Self-centered, devious, dishonest, and cowardly, Old Buck presided over a gathering national crisis that he failed to understand and refused to address. His politics of drift helped render the Civil War unavoidable, and history consistently has him at or near the bottom of the presidential lists.

IN GENERAL, Merry’s ratings don’t differ greatly from the informed historical consensus. At the bottom are Buchanan, Andrew Johnson, Millard Fillmore, Franklin Pierce. Near the top, he creates a category for “Near Greats”—Jefferson, Jackson, Polk among them—and he reassesses those whose standings have fluctuated, like Grant and Eisenhower, frequently because of political and ideological bias. And in at least one case, that of Warren G. Harding, Merry’s approach suggests that a reevaluation, based on the opinions of his electorate, might well be in order.

Merry also suggests new ways of looking at accepted historical interpretations. For instance, he challenges a basic premise underlying Arthur Schlesinger Jr.’s landmark study, The Age of Jackson:

It is not the purpose of this book to sort out arguments for or against particular presidents, but rather to trace their historical standing over time. Jackson requires special treatment for purposes of this discussion…because he represents a pivotal period in our history. Getting him wrong carries a substantial risk of misinterpreting the course of American history. And Schlesinger gets him wrong.

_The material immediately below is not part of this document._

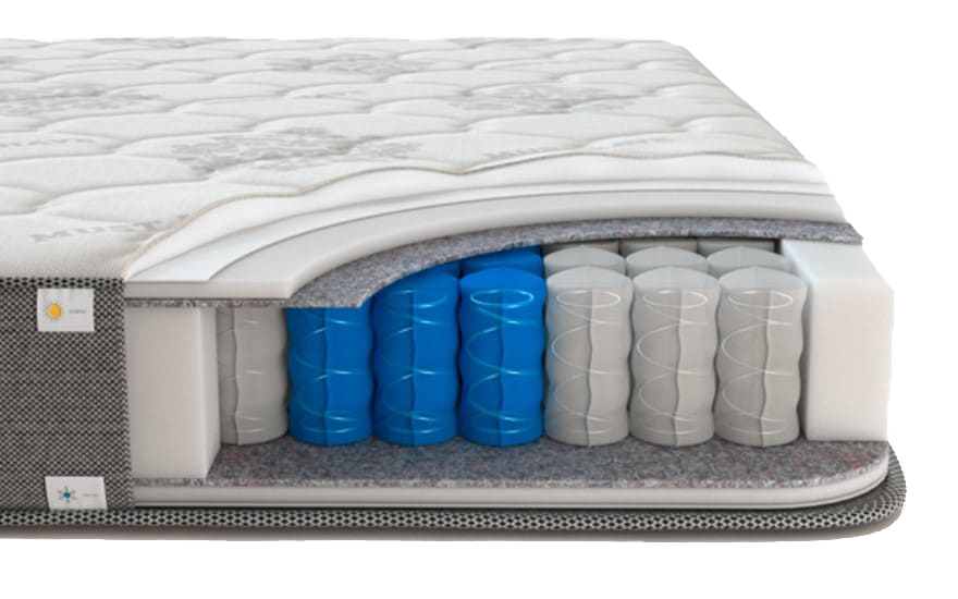 В основі ортопедичного матраца блок незалежних пружин "Universal pocket spring" з 5-ма зонами комфорту. Кожна пружина блоку укладена в окремий тканинний чохол з спанбонду, завдяки чому забезпечується робота кожної пружини незалежно один від одного. Блок "Universal pocket spring" забезпечує точковий розподіл навантаження на пружинний блок. Кожній ділянці вашого тіла приділяється в кілька разів більше уваги, що дозволяє отримати найвищий ортопедичний ефект спальної поверхні.
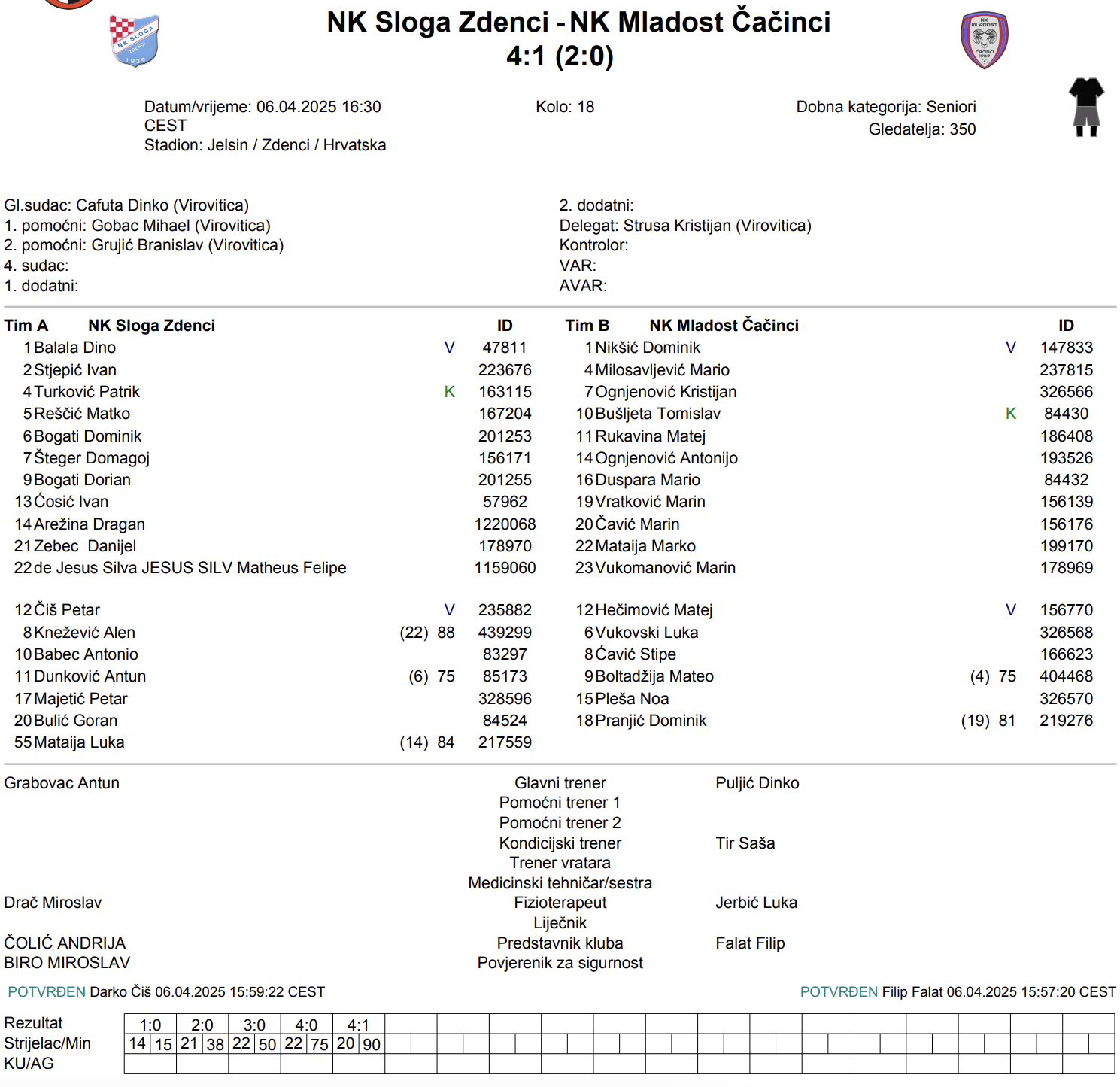 Sloga Zdenci odigrala je sjajnu utakmicu protiv lidera prvenstva i upisala uvjerljivu pobjedu. Poveli su već u 15. minuti preko Dragana Arežine, a na 2:0 povisio je Danijel Zebec u 38. minuti. U drugom dijelu briljirao je Matheus Felipe de Jesus Silva, koji je s dva gola u 50. i 75. minuti zapečatio pobjedu domaćih. Marin Čavić je u 90. minuti postavio konačnih 4:1. Sloga je na bod Lukaču, a za Mladosti kasni 6 bodova koja ima utakmicu više.

The problem, Merry writes, is that Schlesinger, a liberal Democrat and ardent New Dealer, “began with a mission—to show a connection between Jackson’s politics and those of his great hero, FDR.” However, writes Merry, “The progenitor of Franklin Roosevelt is not Jackson; it is Henry Clay. Jackson represents a separate political tradition, best exemplified in the twentieth century by Ronald Reagan.”

A fascinating observation, neatly redirecting a long-standing current in accepted historical thought, and typical of the informed insights that animate this strongly written and highly readable book.